→ **Data for processing**:
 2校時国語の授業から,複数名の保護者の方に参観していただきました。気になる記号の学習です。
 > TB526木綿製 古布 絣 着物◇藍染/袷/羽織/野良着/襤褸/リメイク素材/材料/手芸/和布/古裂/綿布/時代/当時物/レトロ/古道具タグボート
--
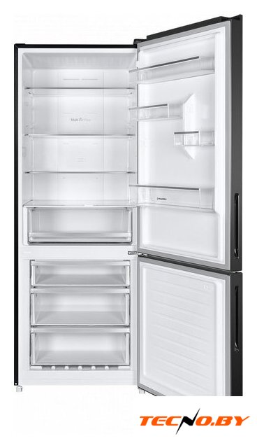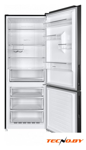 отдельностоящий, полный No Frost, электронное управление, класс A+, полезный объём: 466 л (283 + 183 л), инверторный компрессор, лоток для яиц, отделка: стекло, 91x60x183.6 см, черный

→ **Exercise aim**:
Please copy, exactly and with nothing else, the lines above beginning at the line that has "2校時国語の授業から,複数名" and ending with the line that has "古布 絣 着物◇藍染/袷/羽織/野良着/襤褸/リメイク素材/材料/手芸/和布/古裂/綿布/時代/当時物/レトロ/古道具タグボート".

→ **Exercise solution**:
 2校時国語の授業から,複数名の保護者の方に参観していただきました。気になる記号の学習です。
 > TB526木綿製 古布 絣 着物◇藍染/袷/羽織/野良着/襤褸/リメイク素材/材料/手芸/和布/古裂/綿布/時代/当時物/レトロ/古道具タグボート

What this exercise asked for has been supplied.